Using SQL for GIS analysis with PostGIS

Requirements

PostgreSQL
PostGIS
Postico
QGIS 3
ogr2ogr (for exporting, if applicable)

Data included

Texas schools from Texas Education Agency
Texas school districts from Texas Education Agency
Census Tracts: Shapefiles and ACS data from Census Bureau

Importing shapefiles into PostGIS

Create database and enable PostGIS in your database. From the terminal, run:

  $ createdb postgis_intro
  $ psql --dbname postgis_intro --command "CREATE EXTENSION postgis;"

Determine your project's SRID (see our glossary).

The most popular SRID is usually EPSG:4326 (WGS 84). You can also look up your shapefile's SRID here by uploading your .prj file (which is where the projection information lives).

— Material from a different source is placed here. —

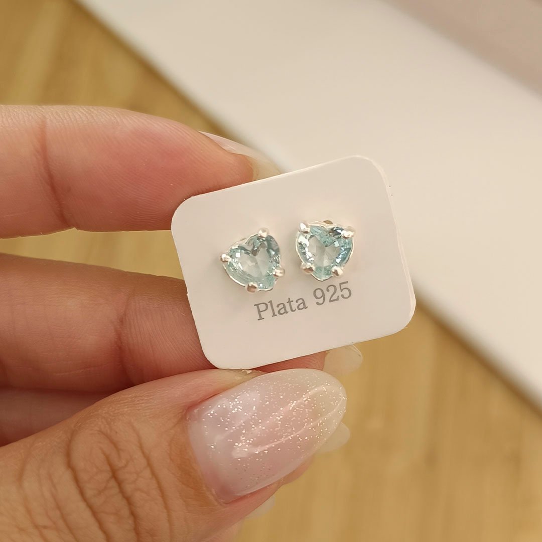 Plata 925 Aros Aros Corazón engarzado - Celeste

Our data files are all EPSG:4326.

Use shp2pgsql command to write a SQL file that will contain table and data information for PostgreSQL to upload:

$ shp2pgsql -s <SRID> -I <path to shp file>.shp \
 <new postgres table name> > <path to output sql file>.sql

So our commands to upload all tables will look like:

$ shp2pgsql -s 4326 -I data/schools/schools.shp \
 schools > schools.sql

$ shp2pgsql -s 4326 -I data/school-districts/school-districts.shp \
 districts > school-districts.sql

$ shp2pgsql -s 4326 -I data/census-tracts/census-tracts.shp \
tracts > census-tracts.sql

Then we'll upload the sql file to the database we created:

$ psql --dbname <database> --file <path to output sql file>.sql

Our commands will look like:

$ psql --dbname postgis_intro --file schools.sql

$ psql --dbname postgis_intro --file school-districts.sql

$ psql --dbname postgis_intro --file census-tracts.sql

Viewing tables in QGIS

In the Browser Panel (along left side), right click "PostGIS" and select "New Connection...".
Enter connection information and then click "OK".
You can now access the database's tables in the database manager, which is accessible by clicking "Database" in the menu and choosing "DB Manager...".
In the DB manager you now have two choices:
- You can add the entire table, as-is, by double-clicking it.
- You can query the database using SQL and add the query result by opening the "SQL window". To write a query, click the second icon in the DB manager toolbar (it looks like a piece of paper with a wrench on it). Enter your query in that window and use the options at the bottom of the pane to add it to your project.

Spatial queries

PostGIS adds almost 300 new functions and operators to PostgreSQL that can do everything from basic spatial calculations to complex aggregations. It's easy to recognize these new functions because they all use the ST_ prefix (for spatial type), as you'll see below:

Basic calculations

Many functions perform simple calculations on a single geometry or pair of geometries. For example, we can see the area of each of our census tracts using the ST_Area function:

SELECT name, ST_Area(geom)
FROM tracts
ORDER BY id;

ST_Area and many functions like it that output measurements report them in the coordinate system of the geometries you're using in your query. In our case, that's WGS84, which tells us that the first census tract in our results has an area of 0.046862144283. That's because our coordinate system is in degrees.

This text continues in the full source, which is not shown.